5 Reasons Why The Website “Racists Getting Fired” Is A Horrible Idea
In its first eight hours the website Racists Getting Fired, a blog where internet vigilantes took screen shots of racist comments on Facebook and Twitter and “outed” these people to their employers, receiving over 15,000 submissions. In less than a week it amassed 40,000 followers.
Many companies received complaints about their employees as a result of the blog. AMC Theatres held its own internal investigation about Brianna Rivera, an employee who had allegedly posted a racist comment on Facebook calling Ferguson protestors “apes” and Africa “fucking dirty and Ebola ridden.” It turns out that the comments were falsified by her angry former boyfriend in an attempt to get her fired.
This illustrates why sites like Getting Racists Fired make horrible tools in the fight against racism. Allow me to explain:
THEY MAKE FRAMING OTHERS EASY: It’s easy to frame folks with false posts from fake accounts on social media — all you need is an e-mail address and a photo! In the case of the AMC employee, her ex-boyfriend simply changed the name on his Facebook account, put up some new photos and then submitted a screen grab of the comments directly to her employer.
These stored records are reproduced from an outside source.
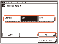 Naciśnij by zapobiec brudzeniu lub zaciekaniu tonera na wydruki w sposób bardziej efektywny niż [MODE1]. Użyj tego trybu jeśli zawiódł [TRYB1].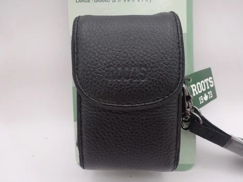 Roots Vintage Style Digital Camera Pouch - Black Leather - Large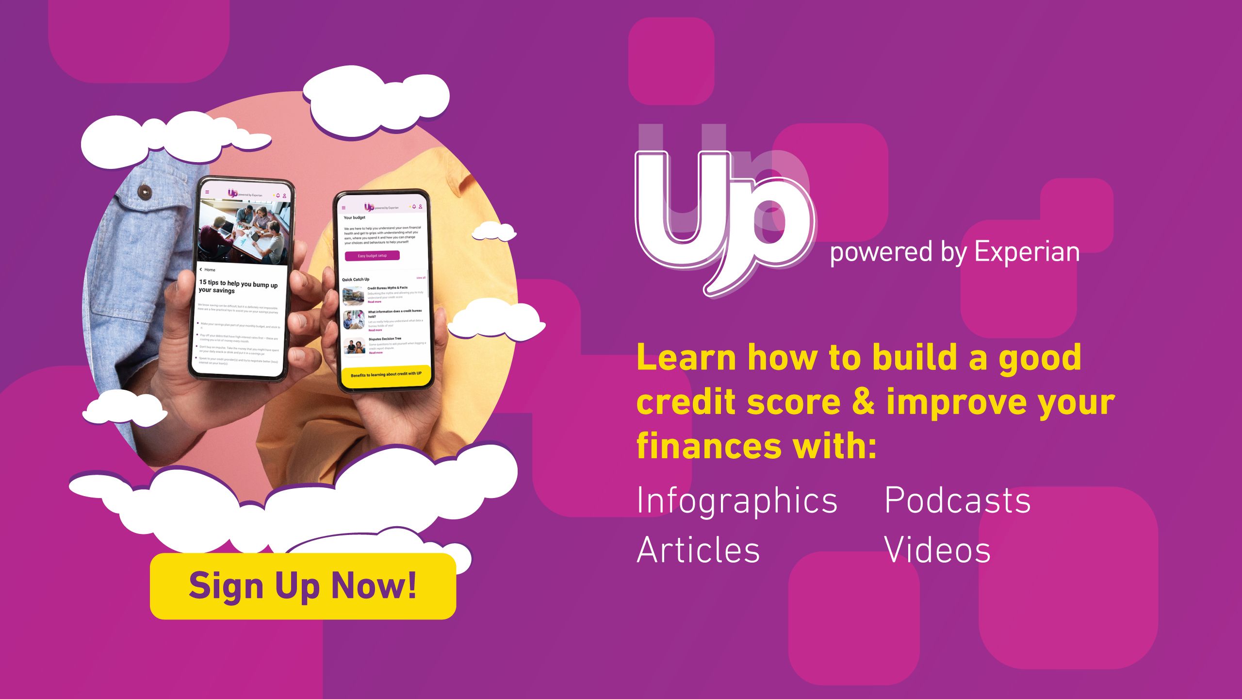 Wise Up with Experian’s free credit information and education web-based app, Up. A credit, budgeting and learning experience to help you take control of your financial health.

IT WON’T CHANGE MINDS & HEARTS: A website like Getting Racists Fired tries little more than to intimidate a group of people whose opinions are highly unlikely to change in the first place. Racist beliefs become entrenched over a lifetime and get dissolved by actually relating to people of other races. Sure some of the site’s offenders may have been contrite after getting reprimanded by their employers, but getting fired won’t likely change racist beliefs. In fact, it may well deepen them.
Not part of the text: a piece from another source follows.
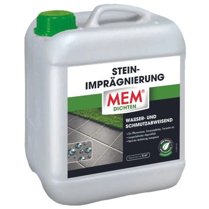 MEM Stein-Imprägnierung ist eine transparente Imprägnierung für alle saugenden Terrassenplatten. Durch die Imprägnierung entsteht ein Abperleffekt, sodass Wasser nicht mehr eindringen kann und die Algen- sowie Moosbildung verhindert wird.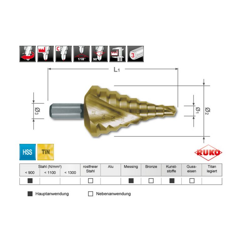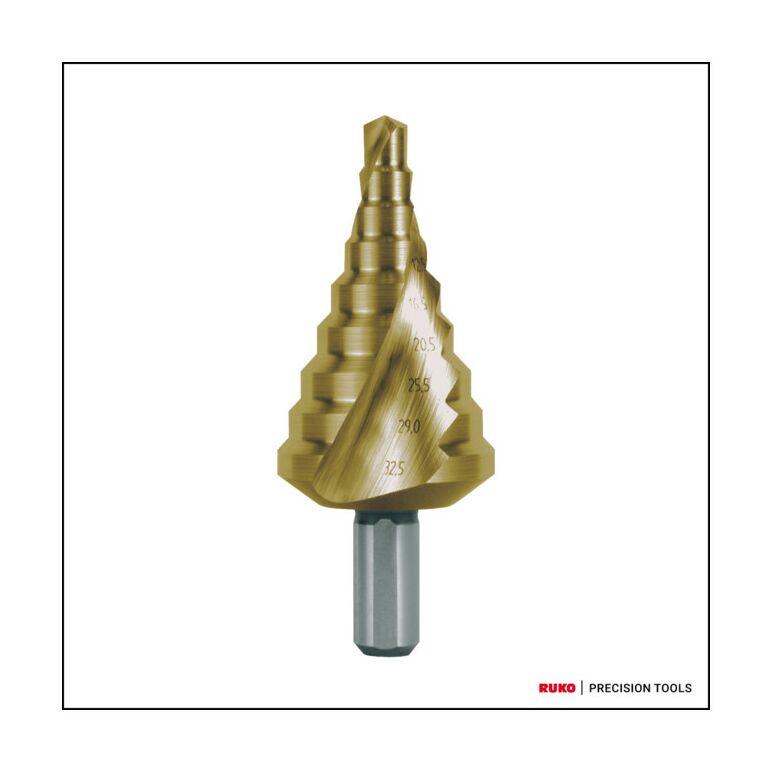 RUKO Stufenbohrer HSS-TiN, spiralgenutet mit Kreuzanschliff für metrische Kabelverschraubungen Größe Nr. 15

IT OVERSIMPLIFIES A COMPLEX ISSUE: The website also unfairly propagated the idea of racism as a white-versus-black issue which is a small (albeit significant) piece of a much larger and complex issue. In essence, this blog sought to finger a few offenders and punish them using the outrage of the African-American community as a scourge.
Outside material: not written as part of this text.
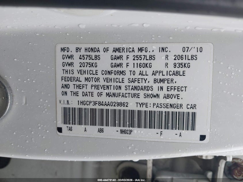 • 1HGCP3F84AA029862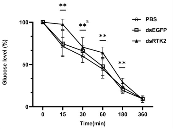 Measurement of serum glucose levels under short-term LvRTK2 interference. To present the results visually, the glucose concentration at the initial time is normalized to 100%, and the data for the remaining time points are correspondingly homogenized. Error bars represent the standard deviation. The statistical significance was ** p < 0.01 (where ‘a’ indicates that the dsRTK2 group data only show a significant difference compared to the control group).

Instead of Getting Racists Fired, how about a Tumblr that highlights companies who pay people of color less than whites? How about a blog highlighting studios that don’t cast people of color in their shows? Such blogs would raise awareness about racism in a way that Getting Racists Fired never could have.
For example, just last year actress Felicia Day had her home address posted online and began receiving rape and death threats just for speaking against the largely misogynist GamerGate movement. Similarly, anti-abortion activists like the Army Of God and Army Coalition of Life Activists (ACLA) have long published the names and addresses of doctors, nurses, feminists and pro-choice advocates fostering a dangerous climate for violence.
SOMEONE COULD GET HURT: Getting fired is one thing, but a violent web-surfer could easily use a person’s workplace address to stalk and hurt someone. In just two weeks, the individuals featured on the blog and the blog’s owner all received numerous death threats. But anyone who punishes social media users on their blog as a political lightning rod should know it’s only a matter of time before similarly threatening clouds appear on their horizon.